We are in for a very rough ride because a faster pace of tech change means faster disruption. But disruption is disruption. Not destruction. The primary problem is managing change, not bracing for some kind of job apocalypse.
That’s a more thoughtful response than calling minimum wage raising “foolish” and “objectively dumb.” Raising the minimum is probably better than the current practice of doing nothing, but worse than many other options.
Given that EITC amounts are tied to inflation, tying the minimum wage to inflation seems to make just as much sense. Raising it in big, unpredictable steps is maybe the worst way to do it.
Meh. There’s all kinds of nuance in an academic / theoretical discussion. But advocating to raise the minimum wage isn’t an academic / theoretical discussion. It’s a policy discussion. And, in terms of policy, I stand by my characterization of the minimum wage as both foolish and objectively dumb.
FWIW, I’m trying to be nice. The other alternative is that it’s nefarious and cynical because it pits a popular policy against the interests of those the policy is supposed to help.

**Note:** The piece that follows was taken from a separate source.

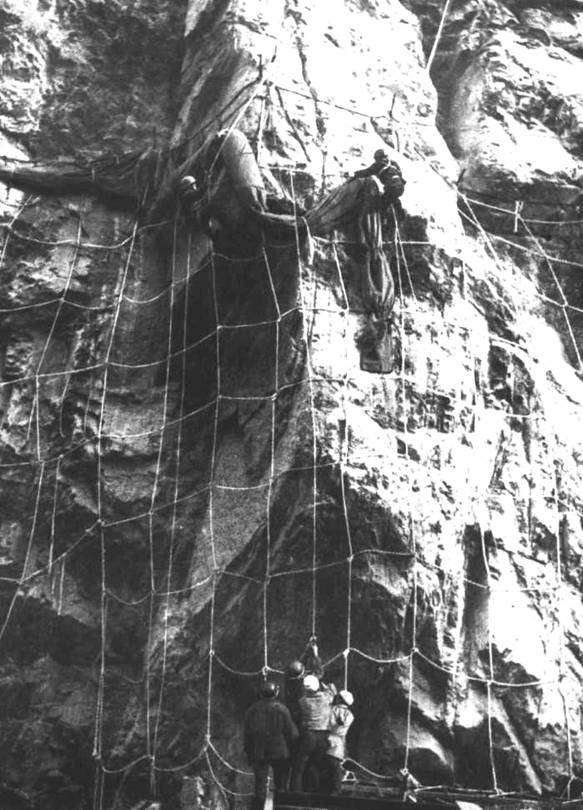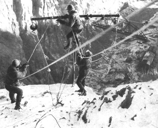 Впереди шли оборщики-верхолазы. За ними, пользуясь крючьями и навешенными веревками, поднимались бурильщики. Они оставляли за собой шпуры. В эти шпуры плотники забивали анкера, нарезанные из арматурной стали, прикручивали к ним тут же сколоченные трапы и перила. Весь этот крепежный лес, арматуру, мотки проволоки надо было как-то забрасывать наверх, и тогда люди выстраивались в цепочку, пристегивая себя к забитым в скалу крючьям, и начинали «качать» снизу вверх, из рук в руки. Этот живой транспортер существовал до тех пор, пока не появились грузовые канатные переправы. Но ведь и для этих переправ надо было затащить и лебедки, и трос, и кабель, а разговоры о применении вертолетов стали излюбленной темой острот во время перекуров.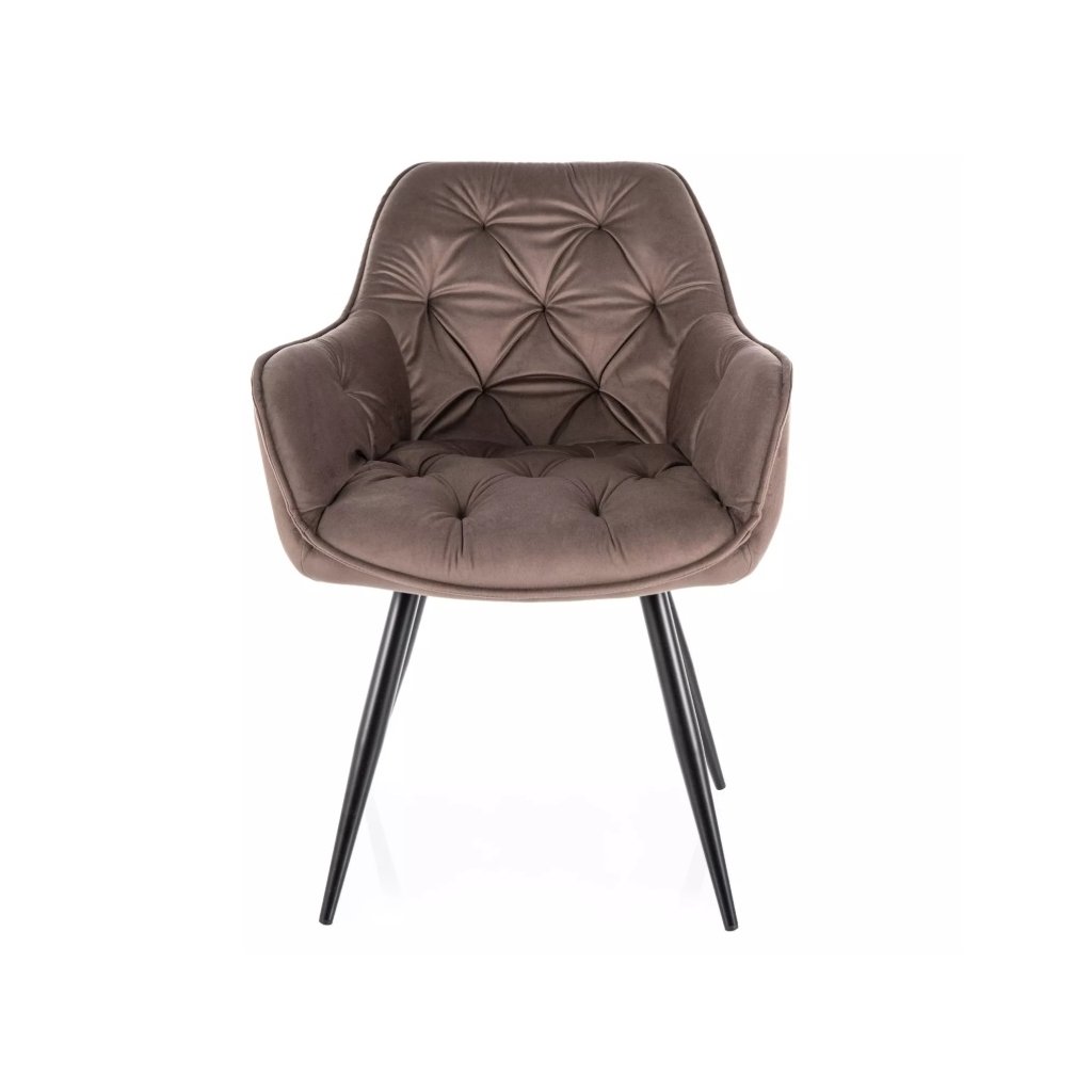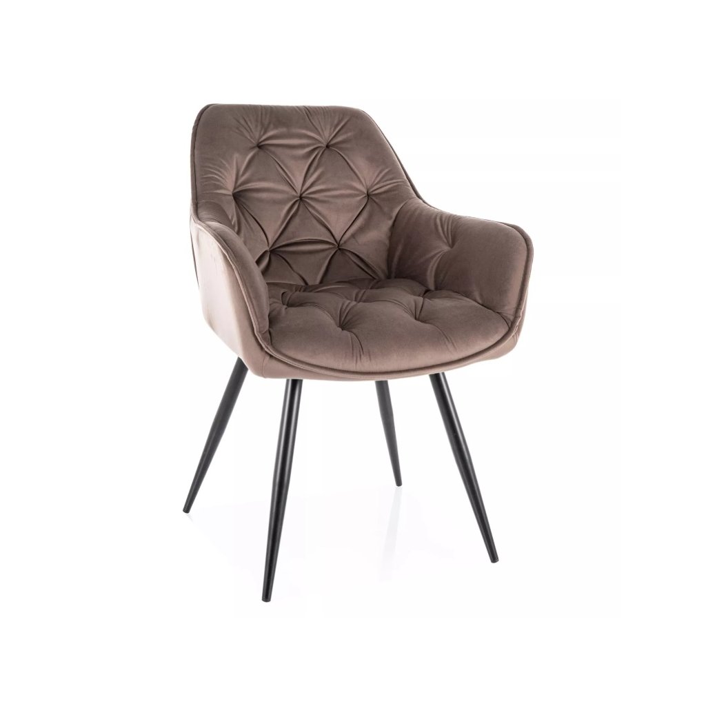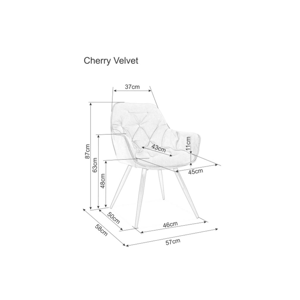 Dokonalá jídelní židle CHERRY VELVET vykouzlí kousek elegance ve vaší jídelně nebo pracovně. Díky prošívanému opěradlu a rukojetím budete mít zaručeno dokonalé sezení a relax. Nohy židle jsou kovové v dokonalé černé barvě. Výborně se hodí do každého moderního interiéru . Max.nosnost židle je 120 kg.

Economically speaking, this analysis is incorrect. If the hikes are unpredictable and short-term, you wouldn’t expect corporations to respond with massive investments in automation. As a result, the negative impacts on employment are minimized. If you tie it to inflation, the predictability of the hikes and their long-term duration will make automation much more palatable, and the impact on jobs will be far, far worse.
Quick note: I just turned threaded comments off. So you can now no longer reply to a comment. That may make this thread a bit more confusing.
(I turned them off because in theory they work, but in practice we didn’t have enough comments to justify them. Especially when they were limited at only 5 levels deep, and we ran into that pretty regularly.)
If payroll expenses are likely to take a huge jump in the near future, corporations are LESS likely to make a huge investment in ways to mitigate that huge payroll jump? The opposite would seem to be true. If there’s 25% chance I’m about to be hit very hard, I’m taking big actions NOW to mitigate that. If the hit never comes, I’m now poorer but better prepared for the inevitable, eventual hit.
A converse example: If payroll expenses are expected to climb at a known rate, a steady offsetting of those expenses (through automation) seems like the logical response.
Big risk, big defense. Known, small risk: steady mitigation.
In any case: Automation is inevitable so adding it will only be an issue in the short term (e.g: until all the grocery lines are self-checkout). Worrying about an issue that’s likely to only affect wages for a few years seems like a distraction.